The Wolf Pack pulled to within 27-21 on a 6-yard touchdown run by Fajardo with 2:27 to play. It took the Pack just 52 seconds to travel the 74 yards on the drive thanks to a 47-yard catch down the middle by Sudfeld, who pulled the ball in after it was tipped by Boise’s Tommy Smith.

The Pack then tried an on-sides kick but the ball was caught and secured by Boise running back D.J. Harper despite a hard tackle by the Pack’s Nick Hale. Boise took over the ball on the Nevada 46 and eventually punted it away with 17 seconds to play. The Pack’s final drive, which began at their own 20-yard line, lasted just four plays and ended at the Wolf Pack 42-yard line.

“It was a tough loss,” Fajardo said. “But we didn’t give up. The offense just started clicking a little too late.”

The Wolf Pack finished with more first downs (23-22) than Boise and just four fewer yards (434-430). Boise, though, owned a five-minute advantage (32:44 – 27:16) in time of possession. The Broncos also were 9-of-15 on third down.

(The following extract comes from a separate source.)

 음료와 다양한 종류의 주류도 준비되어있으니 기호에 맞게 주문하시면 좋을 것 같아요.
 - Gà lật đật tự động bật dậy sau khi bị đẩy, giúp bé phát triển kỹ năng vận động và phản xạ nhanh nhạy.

“Defensively we just couldn’t get off the field,” said Ault, who is now 7-18 in his career against Boise State as the Pack head coach. “Third and 10, third and nine, third and seven, we just couldn’t get off the field. And with a team like that, that just wants to control the ball, it cost us. It cost us offensive possessions. There were just too many crucial third down plays when we couldn’t stop them.”

“A lot of it was poor tackling,” said Rosette, who leads the Mountain West with 128 tackles. “We had guys wrapped up but they would get out of it and get the first down.”

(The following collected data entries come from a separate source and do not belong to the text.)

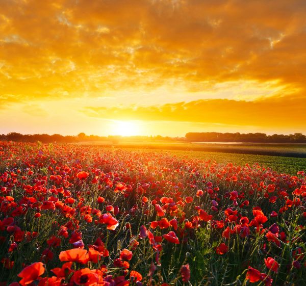 Un bel campo di papaveri rossi con un cielo arancione durante un tramonto.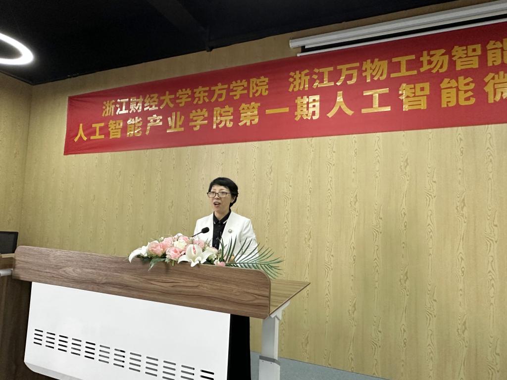 结业典礼在庄严而又热烈的氛围中进行。首先,马雪英经理代表公司发表了热情洋溢的讲话,她对同学们在人工智能领域的努力和成果表示肯定,对万物工场在人工智能微专业建设中的提供的帮助表示感谢。她强调了人工智能在未来的重要性,鼓励同学们继续深入学习和实践,将所学知识应用于实际工作中,她希望同学们积极探索,在未来科技领域中勇往直前,实现梦想。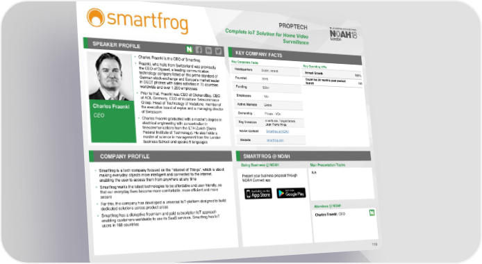 PROPTECH Complete IoT Solution for Home Video Surveillance SPEAKER PROFILE KEY COMPANY FACTS • Charles Fraenkl is the CEO of Smartfrog Key Corporate Facts Key Operating KPIs • Fraenkl, who hails from Switzerland was previously Headquarters Dublin, Ireland Annual Growth 880% the CEO of Gigaset, a leading communication Countries 20 months past product technology company listed on the prime standard of Founded 2015 launch 168 German stock-exchange and Europe's market leader in DECT phones with sales activities in 70 countries Funding $32m worldwide and over 1,200 employees • Prior to that, Fraenkl was CEO of ClickandBuy, CEO Employees 100+ of AOL Germany, CEO of Vodafone Telecommerce Active Markets Global Group, Head of Technology of Vodafone, member of Charles Fraenkl the executive board of e-plus and a managing director Ownership Private - VCs of Swisscom CEO • Charles Fraenkl graduated with a master’s degree in Key Investors e.ventures, Target Global, electrical engineering with concentration in Jean-Pierre Wyss telecommunications from the ETH Zurich (Swiss NOAH Content Smartfrog at NOAH Federal Institute of Technology). He also holds a master of science in management from the London Website smartfrog.com business School and speaks 5 languages COMPANY PROFILE SMARTFROG @ NOAH Doing Business @ NOAH Main Presentation Topics • Smartfrog is a tech company focused on the “Internet of Things”, which is about making everyday objects more intelligent and connected to the internet, Present your business proposal through N/A enabling the user to access them from anywhere at any time NOAH Connect app • Smartfrog wants the latest technologies to be affordable and user-friendly, so that our everyday lives become more comfortable, more efficient and more secure • For this, the company has developed a universal IoT-platform designed to build dedicated solutions across product areas • Smartfrog has a disruptive freemium and paid subscription IoT approach Attendees @NOAH enabling customers worldwide to use its SaaS services. Smartfrog has IoT Charles Fraenkl, CEO users in 168 countries 118

The Wolf Pack might have to live with the loss to Boise for a while. Boise, which owns a commanding 26-13 edge in the rivalry, is supposed to leave the Mountain West after this season for the Big East Conference.

“There are a lot of good football rivalries,” Petersen said. “And with Nevada you always know you are going to get a good hard-fought game out of it. I think everyone enjoys playing this game.”

One team enjoyed it a bit more on Saturday.

“It’s a signature game,” Ault said. “And you have to win it.”